Task to carry out - Retype, exactly as they stand, the lines from the start of the data to the line that contains "Handcrafted Maasai Belt", both ends included. Leave the pictures out.

───── Stored data ─────

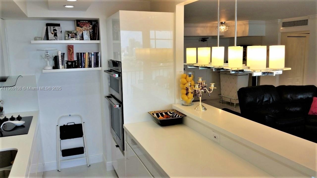 No expense spared in this beautiful, renovated 19th floor apartment. White, bright and lots of light. 32"X32" porcelain tile throughout the apartment. Open kitchen with quartz countertop and backsplash. Top of the line stainless steel appliances including wine cooler. Cute breakfast nook with great view. Both bathrooms with marble flooring. Master bathroom with dual sinks. Other features include recessed lighting and crown molding. Top it off with a spectacular north view of the bay. Furniture is negotiable. No leasing allowed. Building has 40-year certification.
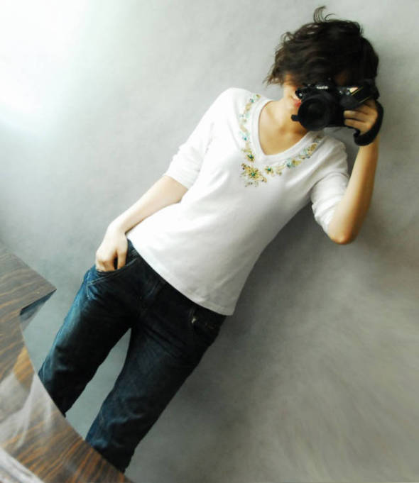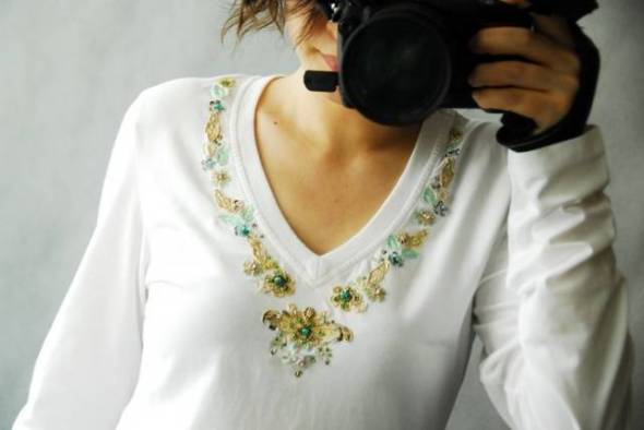 领口的钉珠让衣服的重点上移
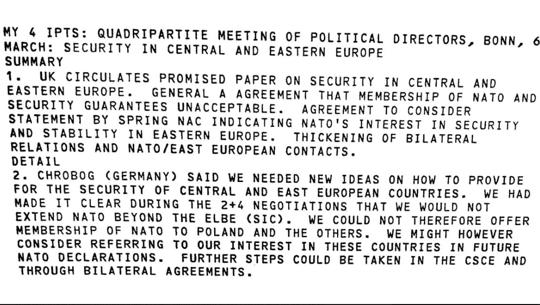 The minutes of a March 6, 1991 meeting in Bonn between political directors of the foreign ministries of the US, UK, France, and Germany contain multiple references to “2+4” talks on German unification in which the West made it “clear” to the Soviet Union that NATO will not expand past the eastern borders of Germany.
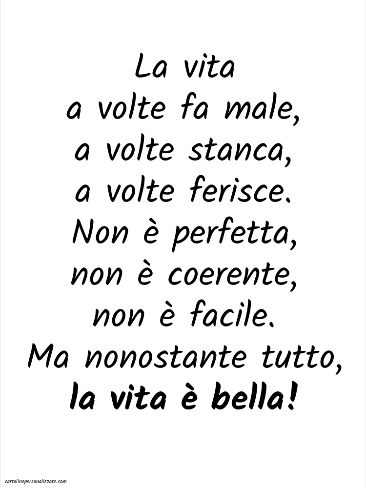 La vita a volte fa male, a volte stanca, a volte ferisce. Non è perfetta, non è coerente, non è facile. Ma nonostante tutto, la vita è bella!
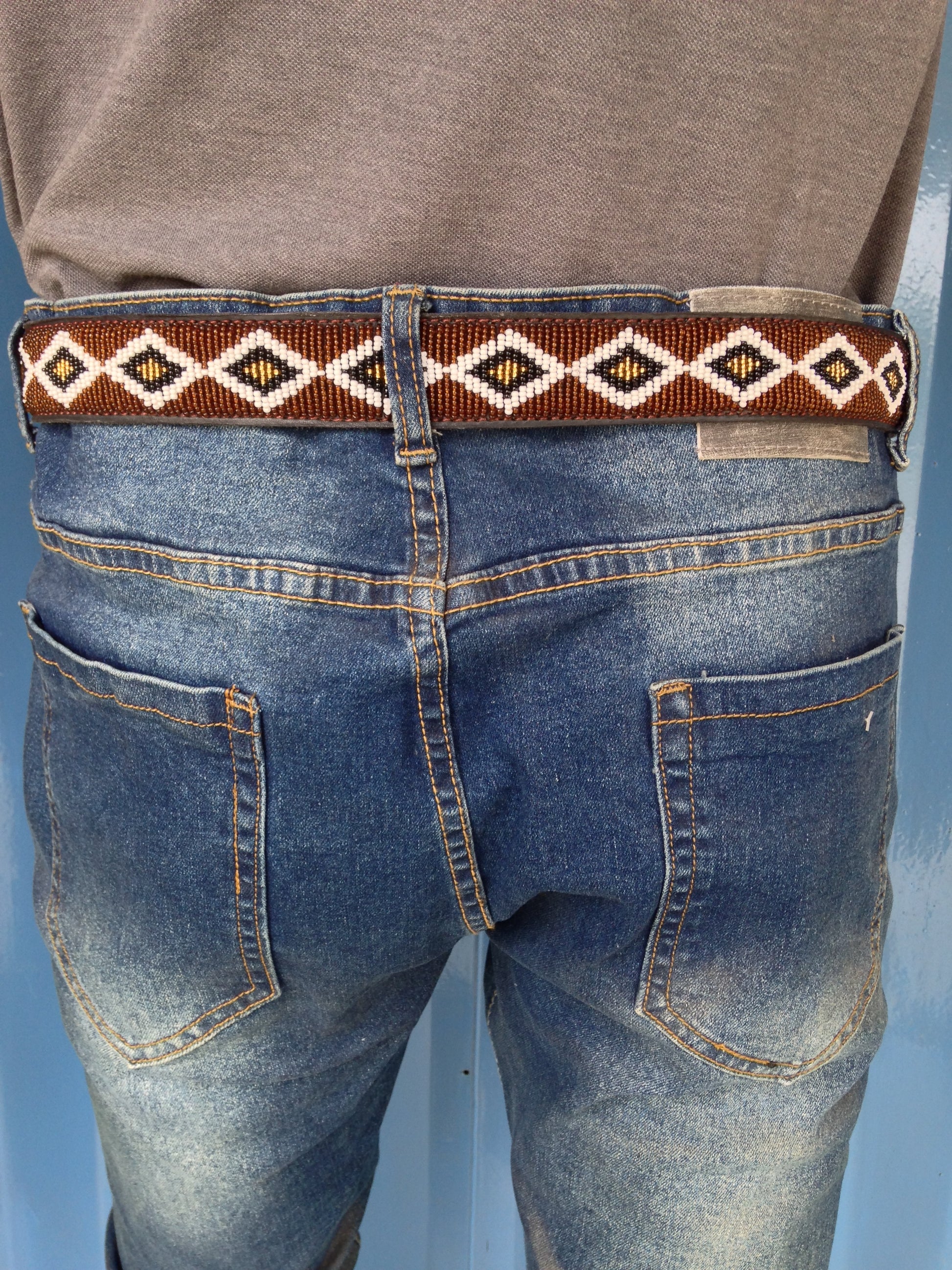 Handcrafted Maasai Belt - Brown Gold Geometric
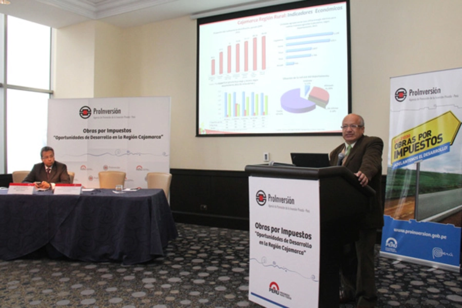 El acto contó con la participación del Presidente del Gobierno Regional de Cajamarca, César Aliaga Díaz, y el Director Ejecutivo de ProInversión, Carlos Herrera Perret, quien saludó la decisión del Gobierno Regional por ejecutar Obras por Impuestos y ratificó el compromiso de ProInversión de asistir técnicamente a los funcionarios de Cajamarca y de las empresas privadas durante todo el proceso de aplicación de este mecanismo, a fin de contribuir a mejorar las condiciones de vida en dicha región.

─────

Result of this task -
 No expense spared in this beautiful, renovated 19th floor apartment. White, bright and lots of light. 32"X32" porcelain tile throughout the apartment. Open kitchen with quartz countertop and backsplash. Top of the line stainless steel appliances including wine cooler. Cute breakfast nook with great view. Both bathrooms with marble flooring. Master bathroom with dual sinks. Other features include recessed lighting and crown molding. Top it off with a spectacular north view of the bay. Furniture is negotiable. No leasing allowed. Building has 40-year certification.
 领口的钉珠让衣服的重点上移
 The minutes of a March 6, 1991 meeting in Bonn between political directors of the foreign ministries of the US, UK, France, and Germany contain multiple references to “2+4” talks on German unification in which the West made it “clear” to the Soviet Union that NATO will not expand past the eastern borders of Germany.
 La vita a volte fa male, a volte stanca, a volte ferisce. Non è perfetta, non è coerente, non è facile. Ma nonostante tutto, la vita è bella!
 Handcrafted Maasai Belt - Brown Gold Geometric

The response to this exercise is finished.